Resolving ORA-25408 in OCCI and RAC with TAF enabled

Environment

DB: Oracle 12.2.0.1 RAC 2 instances
Client <-> APP <-> DB

Symptoms

Shutdown primary instance and when client wants to logout and login, it could receive ORA-25408: can not safely replay call

Diag

Collect tcpdump on APP server, which captures ALL traffic between DB server AND client and here is what really happens:

# Short version:
1. App connects to DB and everything is fine
2. Shutdown current primary instance
3. DB sends FIN request to APP, which puts the socket on APP to CLOSE_WAIT
4. APP did not reply with the 2nd FIN for a long time
5. Client sends login request to APP, APP redirect the validating request (stored procedure) to DB with the CLOSE_WAIT socket
6. Since current instance has already been shutdown, DB Reset the stale connection
7. APP reconnects to another instance and tries to replay the validating request
8. Since our failover type is SELECT and procedure is not supported thus ORA-25408 raised

# Long version:

# DB (199.31.217.81) shutdown, asks APP server (172.17.217.84) to terminate TCP connection

2019-12-12 11:52:18.765076 IP 199.31.217.81.1521 > 172.17.217.84.41340: Flags [F.], seq 135540, ack 17685, win 532, options [nop,nop,TS val 488703983 ecr 2757020596], length 0
0x0000: 0050 5691 4030 6805 ca21 d6e5 0800 4500 .PV.@0h..!....E.
0x0010: 0034 dc12 4000 3906 3fda c71f d951 ac11 .4..@.9.?....Q..
0x0020: d954 05f1 a17c d13d 5be4 a7ee aa95 8011 .T...|.=[.......
0x0030: 0214 92a3 0000 0101 080a 1d21 07ef a454 ...........!...T
0x0040: cbb4

# App Server (172.17.217.84) receives this FIN request

2019-12-12 11:52:18.804896 IP 172.17.217.84.41340 > 199.31.217.81.1521: Flags [.], ack 135541, win 1424, options [nop,nop,TS val 2757207726 ecr 488703983], length 0
0x0000: 6805 ca21 d6e5 0050 5691 4030 0800 4500 h..!...PV.@0..E.
0x0010: 0034 4d38 4000 4006 c7b4 ac11 d954 c71f .4M8@.@......T..
0x0020: d951 a17c 05f1 a7ee aa95 d13d 5be5 8010 .Q.|.......=[...
0x0030: 0590 25fe 0000 0101 080a a457 a6ae 1d21 ..%........W...!
0x0040: 07ef

# However, App Server (172.17.217.84) did NOT send the other FIN request to DB server,
# which means that the TCP socket is in CLOSE_WAIT state on app server.

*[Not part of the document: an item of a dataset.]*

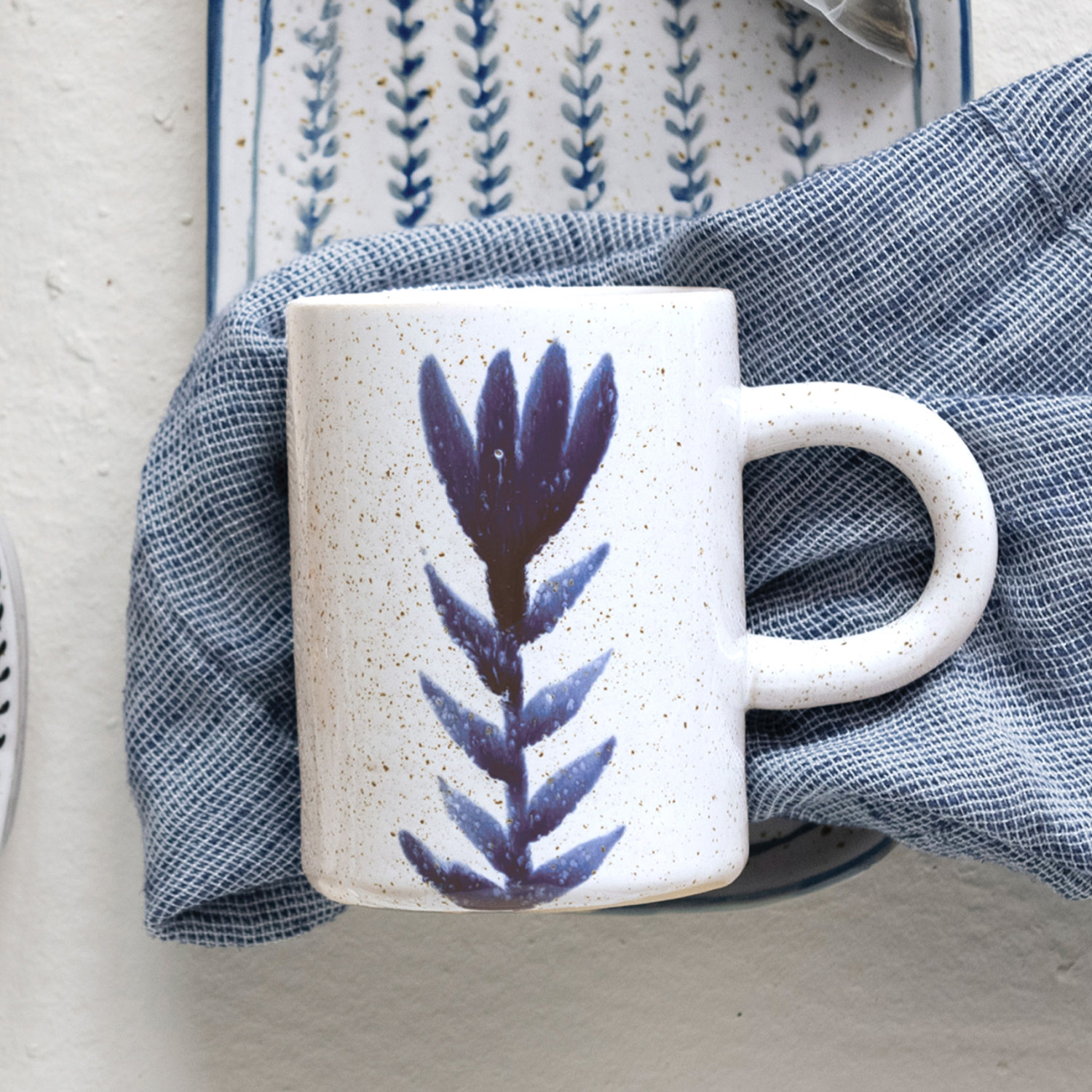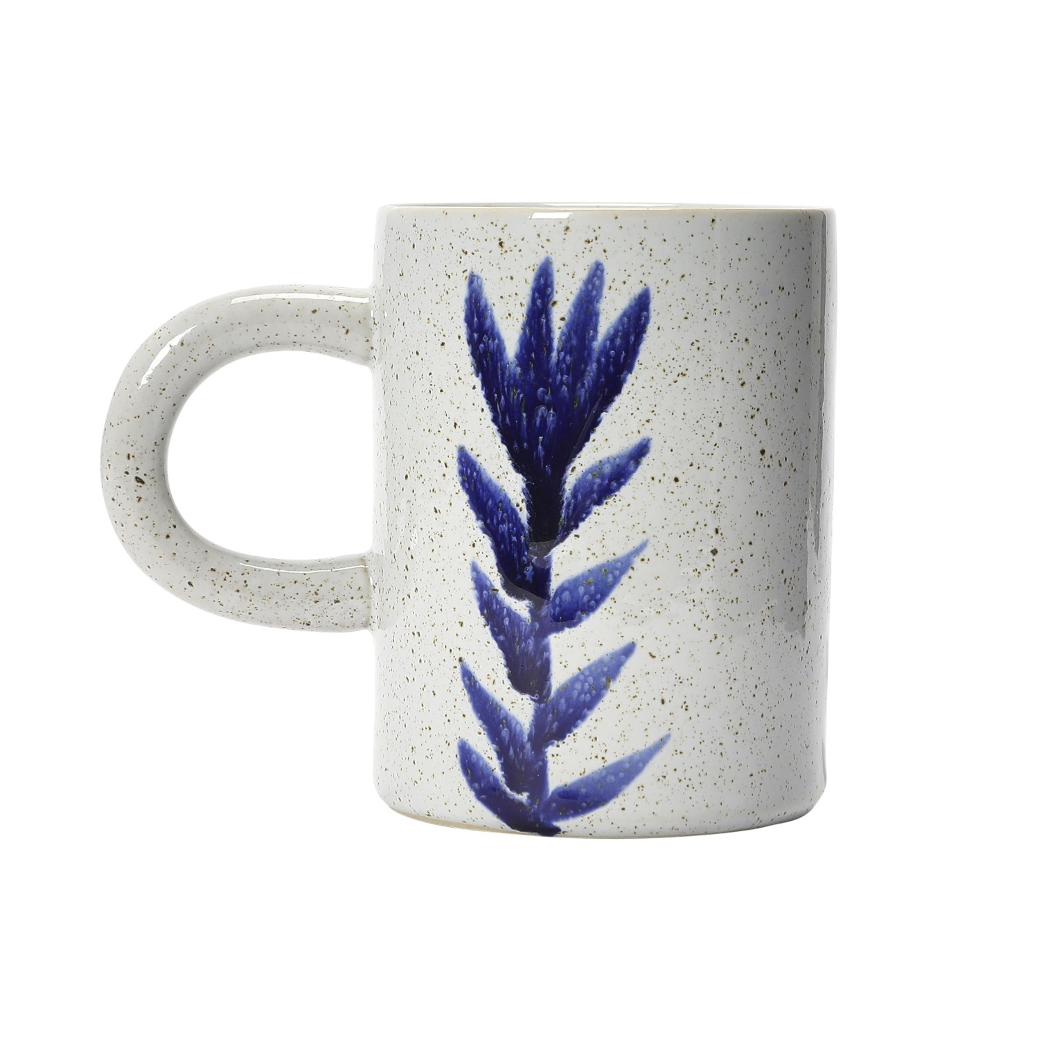 This artfully crafted stoneware mug showcases a hand painted floral design and naturally variating reactive glaze.

# The Client session did not interact with DB
# 100 seconds later …

# Client (200.31.139.243) send login request to APP Server (172.17.217.84)

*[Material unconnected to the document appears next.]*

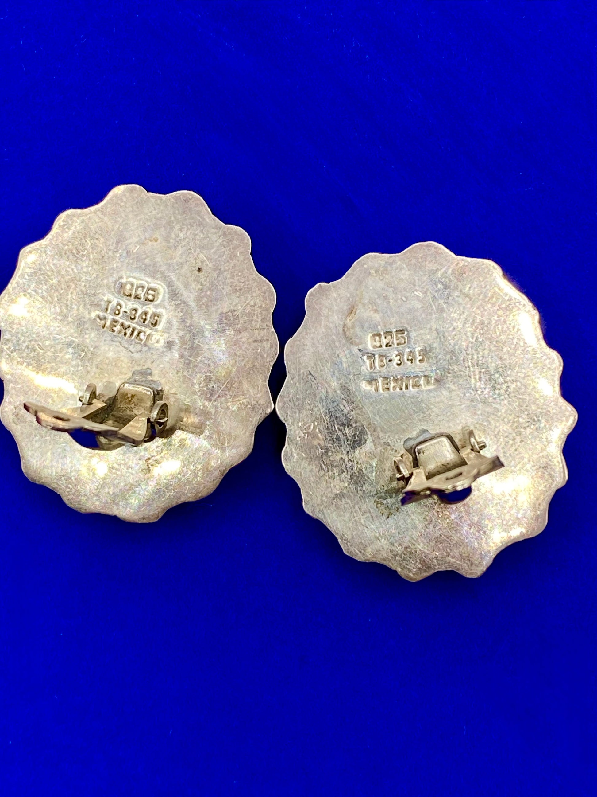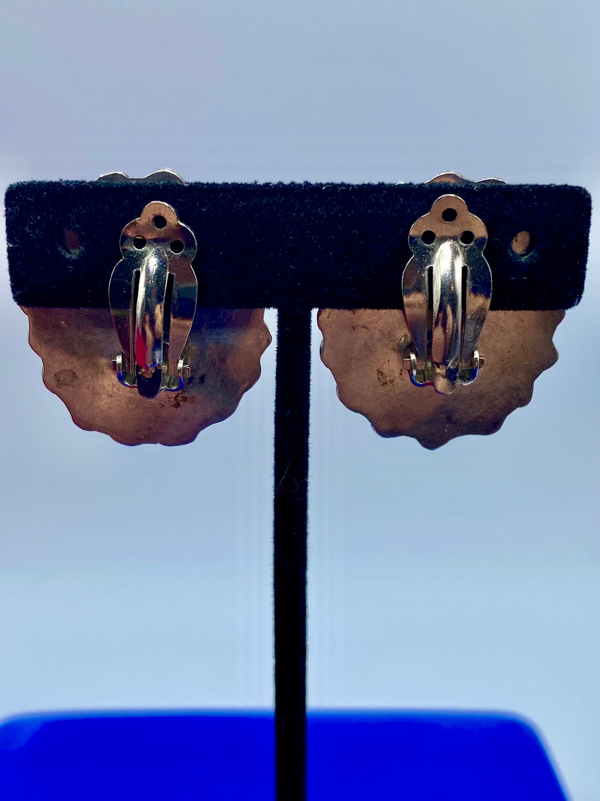 These Vintage Taxco Sterling Silver Carnelian Clip Ons are expertly crafted for an elegant and timeless look. Made with genuine sterling silver and adorned with rich carnelian stones, these earrings measure 1.75 inches long and weigh 22.8 grams. Add a touch of sophistication to any outfit with these stunning clip ons.

2019-12-12 11:53:58.068139 IP 200.31.139.243.50707 > 172.17.217.84.8006: Flags [P.], seq 1:340, ack 1, win 16425, length 339
0x0000: 0050 5691 4030 6805 ca21 d6e5 0800 4500 .PV.@0h..!....E.

# Interesting things happen here
# App (172.17.217.84) Redirect this login request to DB (199.31.217.81) with the above HALF OPEN socket (CLOSE_WAIT)
# Essentially, it calls procedure PROC_VALIDATE_USER

2019-12-12 11:53:58.069718 IP 172.17.217.84.41340 > 199.31.217.81.1521: Flags [P.], seq 17685:17765, ack 135541, win 1424, options [nop,nop,TS val 2757306990 ecr 488703983], length 80
0x0000: 6805 ca21 d6e5 0050 5691 4030 0800 4500 h..!...PV.@0..E.
0x0010: 0084 4d39 4000 4006 c763 ac11 d954 c71f ..M9@.@..c...T..
0x0020: d951 a17c 05f1 a7ee aa95 d13d 5be5 8018 .Q.|.......=[...
0x0030: 0590 264e 0000 0101 080a a459 2a6e 1d21 ..&N.......Y*n.!
0x0040: 07ef 0000 0050 0600 0000 0000 1169 dafe .....P.......i..
0x0050: ffff ffff ffff ff01 0000 0000 0000 0001 ................
0x0060: 0000 0003 77db feff ffff ffff ffff 1200 ....w...........
0x0070: 0000 0300 0000 0000 0000 0000 0000 0012 ................
0x0080: 5052 4f43 5f56 414c 4944 4154 455f 5553 PROC_VALIDATE_US
0x0090: 4552 ER

# After sending the request to DB (199.31.217.81), APP (172.17.217.84) sends the 2nd FIN request

2019-12-12 11:53:58.069778 IP 172.17.217.84.41340 > 199.31.217.81.1521: Flags [F.], seq 17765, ack 135541, win 1424, options [nop,nop,TS val 2757306990 ecr 488703983], length 0
0x0000: 6805 ca21 d6e5 0050 5691 4030 0800 4500 h..!...PV.@0..E.
0x0010: 0034 4d3a 4000 4006 c7b2 ac11 d954 c71f .4M:@.@......T..
0x0020: d951 a17c 05f1 a7ee aae5 d13d 5be5 8011 .Q.|.......=[...
0x0030: 0590 25fe 0000 0101 080a a459 2a6e 1d21 ..%........Y*n.!
0x0040: 07ef

# DB (199.31.217.81) replies with RST, meaning 1521 port is already closed and app needs to connect to the other instance ..

2019-12-12 11:53:58.070207 IP 199.31.217.81.1521 > 172.17.217.84.41340: Flags [R], seq 3510459365, win 0, length 0
0x0000: 0050 5691 4030 6805 ca21 d6e5 0800 4500 .PV.@0h..!....E.
0x0010: 0028 c988 4000 3906 5270 c71f d951 ac11 .(..@.9.Rp...Q..
0x0020: d954 05f1 a17c d13d 5be5 0000 0000 5004 .T...|.=[.....P.
0x0030: 0000 b578 0000 c368 0000 0000 ...x...h....

# App server (172.17.217.84) connects to the other instance (199.31.217.82)

2019-12-12 11:53:58.071660 IP 172.17.217.84.37322 > 199.31.217.82.1521: Flags [S], seq 60403879, win 29200, options [mss 1460,sackOK,TS val 2757306992 ecr 0,nop,wscale 7], length 0

Conclusion

1. Do NOT reuse CLOSE_WAIT connection in application
2. Close stale sockets timely

Reference:

Implement TAF with OCCI (DOC ID 605544.1)

Why should connections in a custom connection pool be explicitly cleaned/repaired?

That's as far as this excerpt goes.